First of all, everyone is building systems. Everyone is building complete systems. As I said before, you're not the speech person or the identity-recognition person or the tracking person or the performance person. You're collaborating to create a Kinect or an autonomous vehicle. And that systems view of the world is propelling us all forward.
Secondly, AI and systems are converging. All systems have to be smart. All systems have to deal with uncertainty.
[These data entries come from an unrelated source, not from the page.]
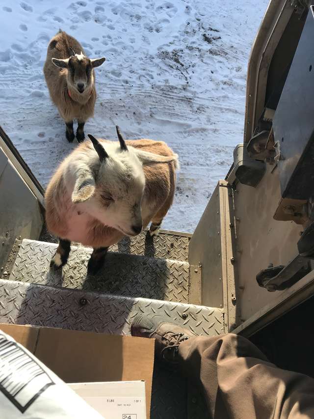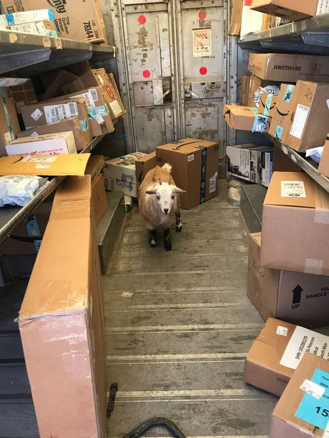 It took some bonding with the goats, but the deliveryman eventually managed to convince the animals to exit his truck so that he could continue with his deliveries.
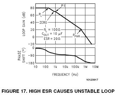 選擇具有很低的ESR的輸出電容,由于一些不同的原因也會產(chǎn)生振蕩。繼續(xù)沿用上一節(jié)的例子,假定10uF輸出電容的ESR只有50mΩ,則零點的頻率會變到320kHz(圖18:低ESR引起回路振蕩的波特圖)。
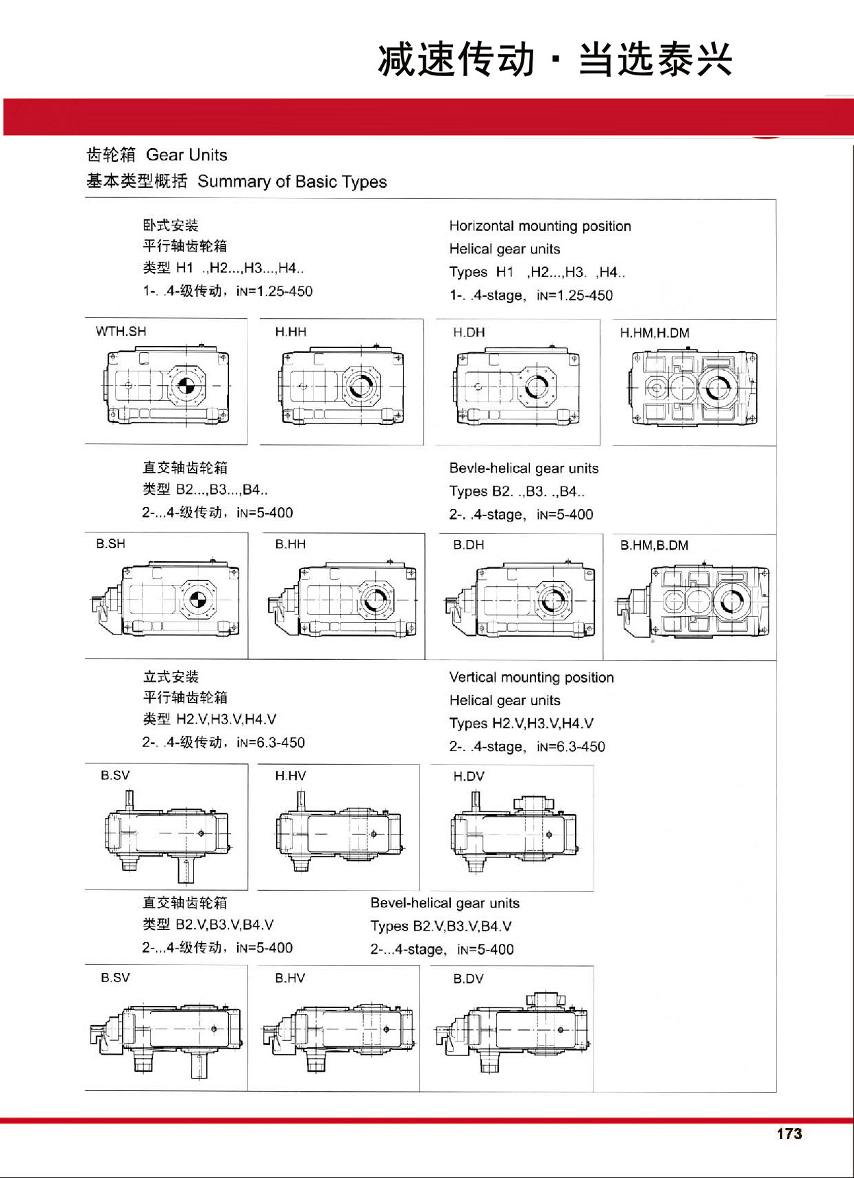 7、 H、B系列产品有3~26型规格,减速传动级数有1~4级,速比1.25~450。
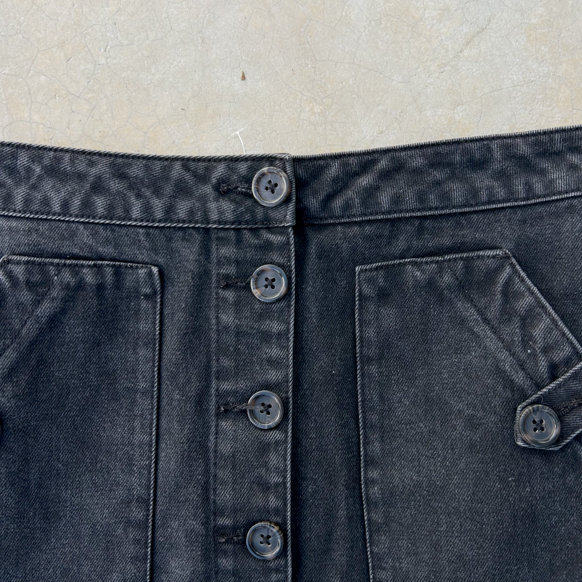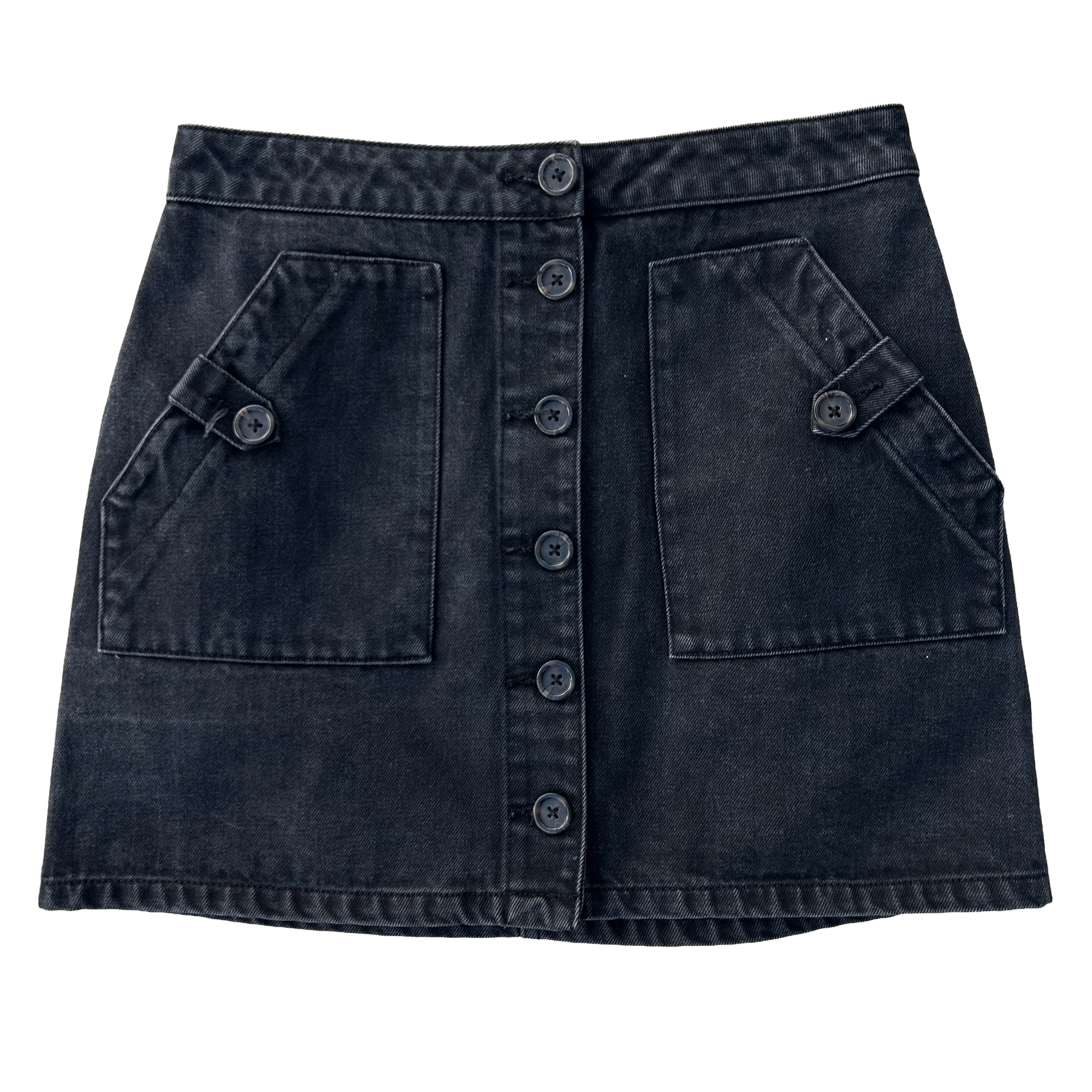 Coqueta mini falda mezcla de algodón poliéster rayon, con bolsillos al frente, método de acceso botones al frente.

Third-- again, you heard this from Victor earlier today-- ubiquity, embodiment, invisibility. Systems are really part of the fabric of our lives. They're not thought of as computers. The ones that are thought of as computers are the small number-- the 1% that are kind of annoying. The ones that are part of the fabric of your lives are the ones we're building as we go forward.
Two more, and these arose from discussions with Butler Lampson over the past couple of weeks. Increasingly, best efforts is good enough. Now banking systems have to be reliable, although maybe the ATM doesn't have to be up all the time, as long as it at least records your transactions correctly.
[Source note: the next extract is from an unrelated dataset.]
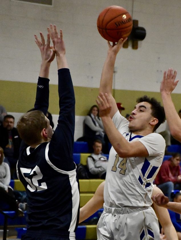 Mount Union’s Jayvien Brumbaugh shoots over top of Penns Valley’s Dakota Bradzina during the Trojans’ 51-36 non-conference victory over the Rams on Wednesday night at Mount Union High School.
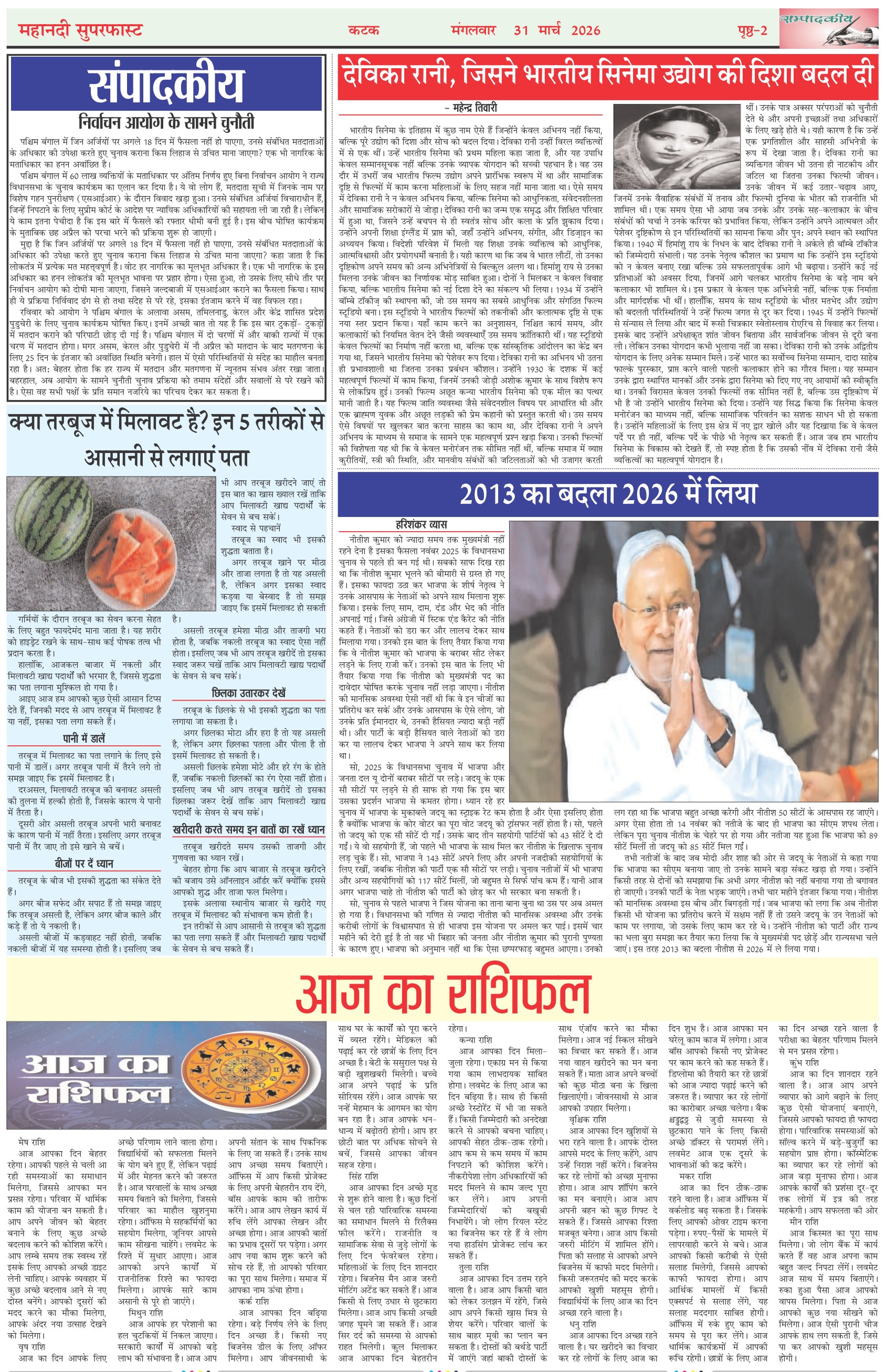 Mahanadi Superfast Hindi Daily Newspaper Cuttack Edition Page: 2

But many systems-- Facebook, Amazon, Google-- don't have to get it totally right. It's more important to be there, to be fast, to be cool if you're a game or something like that. And you really couldn't afford to build a 100%-reliable system at the scale we're building. So this notion that best efforts is good enough--
And it's something we've been practicing for decades. Right? One of the breakthroughs of Ethernet, back in the 1970s, was it was a best-efforts network, and its best effort was good to a couple of [? lines, ?] and that was good enough. You could always retry at a higher level. The end-to-end principle-- another contribution of MIT. It's telling me I'm done.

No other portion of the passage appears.